## Exercise instructions
In the entries below, find the line with "2017夏季快手网络红人同款精神社会小伙修身束脚破洞牛仔裤男9分" and the line with "2.感受文章先抑后扬的写法,理解作者对阿长的感情". Repeat exactly everything between them, those two lines included, but not the pictures.

## Material for this task
************

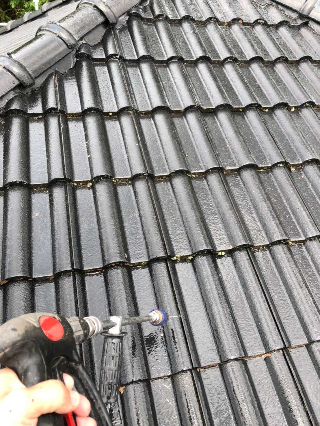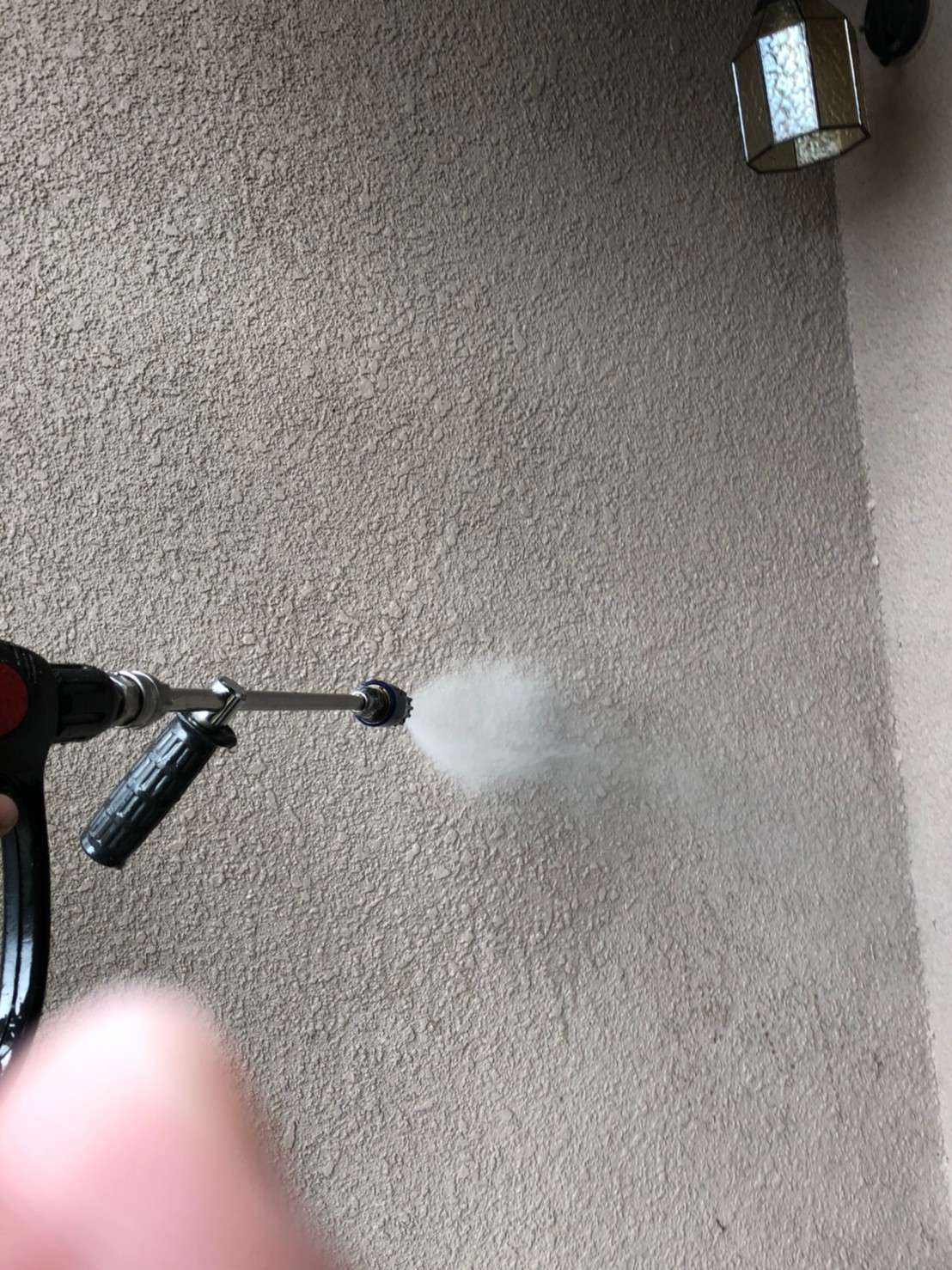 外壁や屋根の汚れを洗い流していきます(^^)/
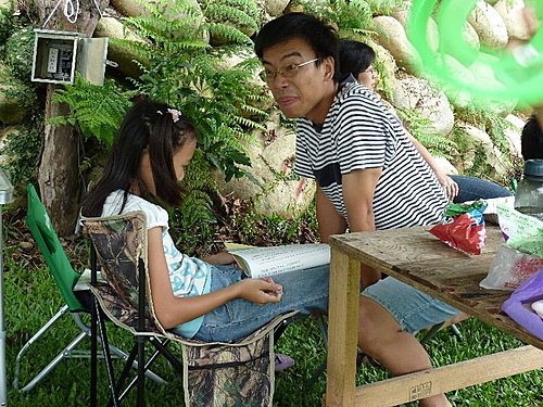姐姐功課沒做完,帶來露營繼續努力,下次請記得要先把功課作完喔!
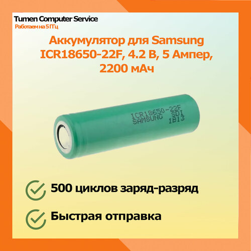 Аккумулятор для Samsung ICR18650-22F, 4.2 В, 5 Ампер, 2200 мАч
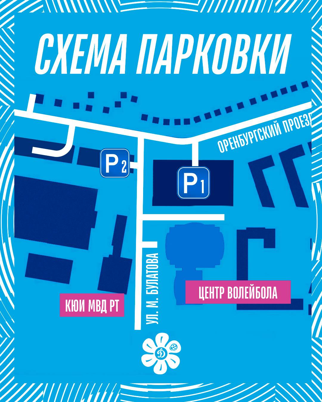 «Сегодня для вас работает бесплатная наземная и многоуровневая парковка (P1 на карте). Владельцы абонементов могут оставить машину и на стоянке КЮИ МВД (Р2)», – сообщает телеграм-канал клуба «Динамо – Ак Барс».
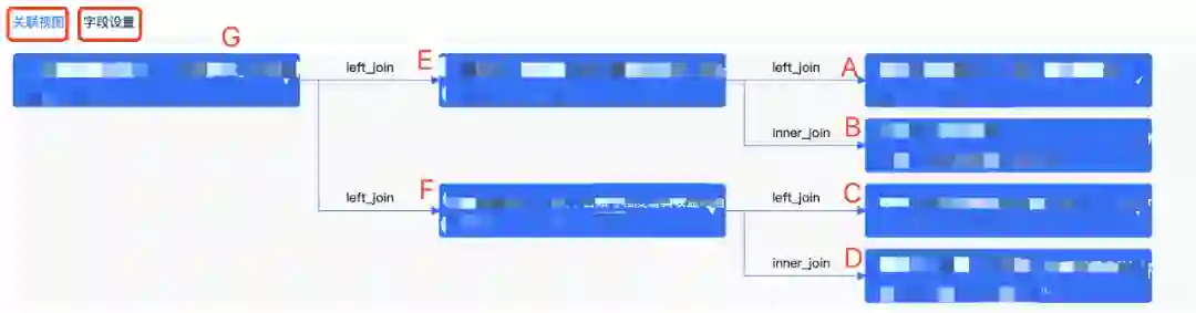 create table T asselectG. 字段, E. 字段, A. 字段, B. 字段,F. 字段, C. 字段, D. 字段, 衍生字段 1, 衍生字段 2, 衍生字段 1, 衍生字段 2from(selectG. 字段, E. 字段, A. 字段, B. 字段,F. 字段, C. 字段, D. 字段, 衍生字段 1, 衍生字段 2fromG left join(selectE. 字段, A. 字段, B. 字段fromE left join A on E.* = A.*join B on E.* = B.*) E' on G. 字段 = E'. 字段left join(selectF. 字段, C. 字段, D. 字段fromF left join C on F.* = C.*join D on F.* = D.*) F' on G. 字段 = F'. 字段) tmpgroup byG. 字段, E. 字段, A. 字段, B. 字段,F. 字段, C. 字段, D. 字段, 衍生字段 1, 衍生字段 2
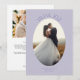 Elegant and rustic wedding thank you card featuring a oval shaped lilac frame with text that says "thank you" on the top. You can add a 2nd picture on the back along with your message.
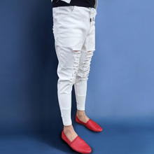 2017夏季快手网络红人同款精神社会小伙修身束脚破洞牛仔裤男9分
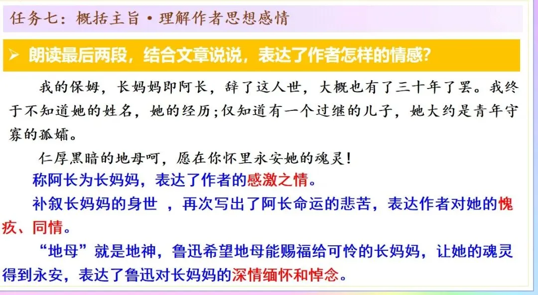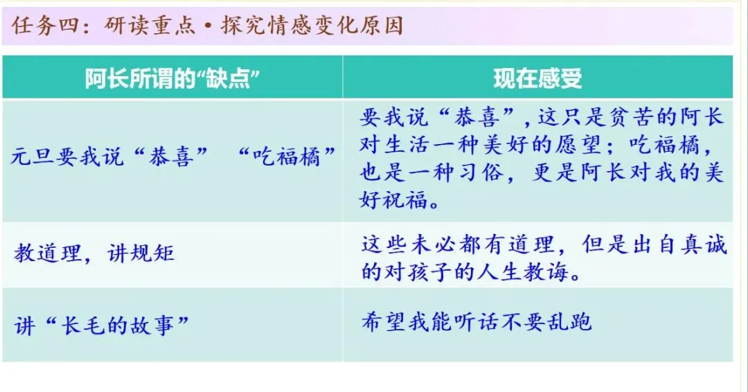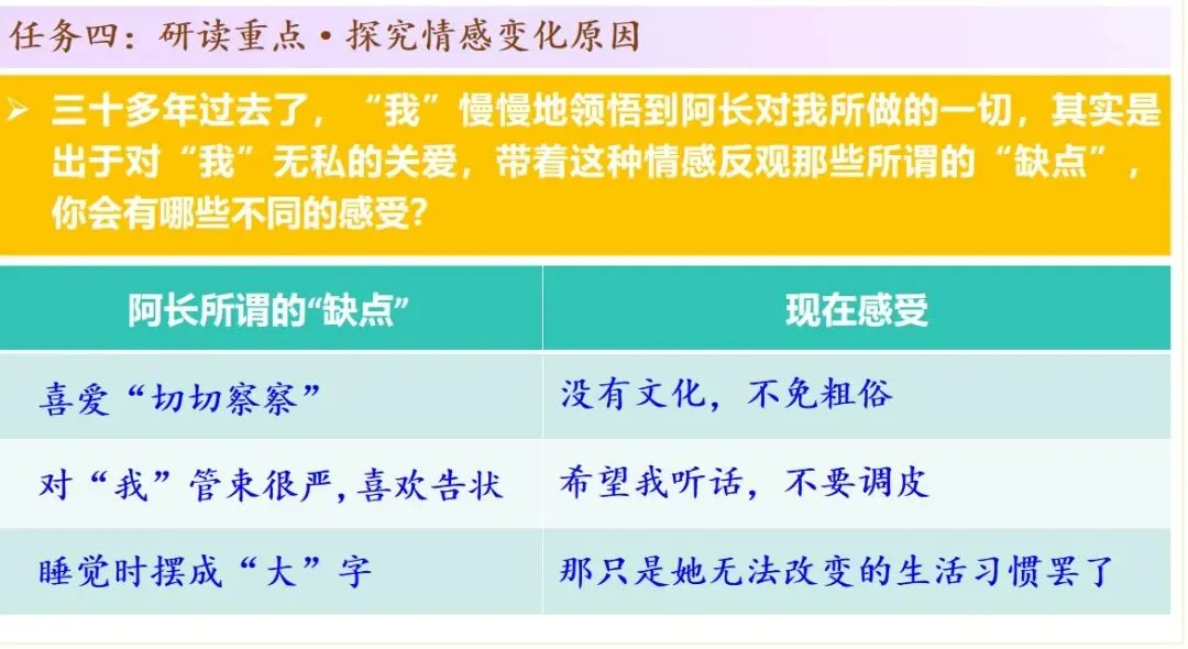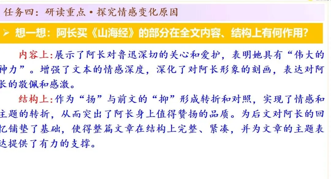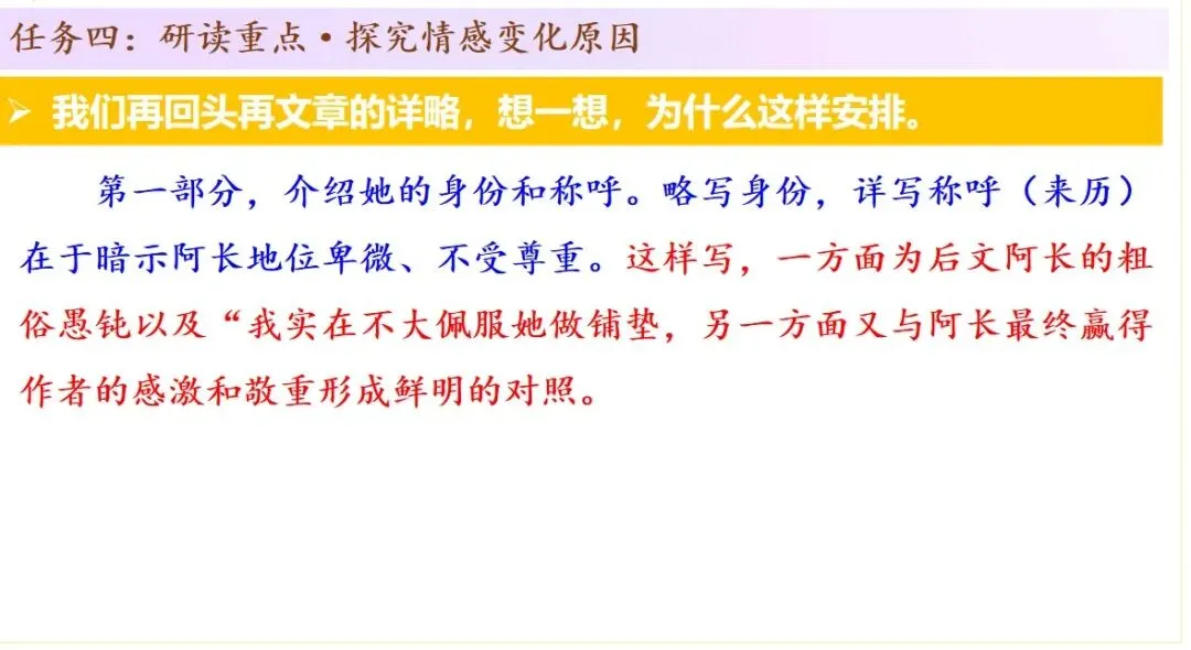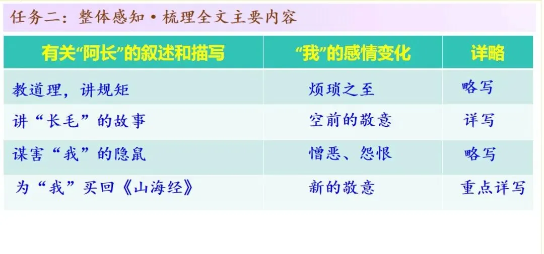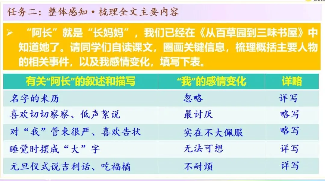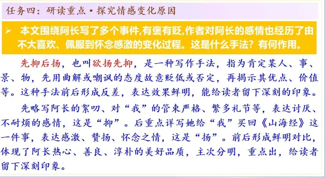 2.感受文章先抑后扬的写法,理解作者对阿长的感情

************

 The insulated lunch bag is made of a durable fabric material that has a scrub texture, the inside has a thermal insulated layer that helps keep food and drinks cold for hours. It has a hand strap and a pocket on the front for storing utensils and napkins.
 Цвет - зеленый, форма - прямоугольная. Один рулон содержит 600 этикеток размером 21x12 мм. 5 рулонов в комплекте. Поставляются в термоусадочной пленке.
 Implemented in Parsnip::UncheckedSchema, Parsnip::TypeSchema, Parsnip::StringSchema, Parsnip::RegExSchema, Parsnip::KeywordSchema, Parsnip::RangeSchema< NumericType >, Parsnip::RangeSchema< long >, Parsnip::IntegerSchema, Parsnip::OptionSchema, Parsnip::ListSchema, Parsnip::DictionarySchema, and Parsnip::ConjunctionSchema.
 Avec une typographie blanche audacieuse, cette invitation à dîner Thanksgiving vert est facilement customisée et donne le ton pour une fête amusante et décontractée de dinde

************

## Exercise response
 2017夏季快手网络红人同款精神社会小伙修身束脚破洞牛仔裤男9分
 2.感受文章先抑后扬的写法,理解作者对阿长的感情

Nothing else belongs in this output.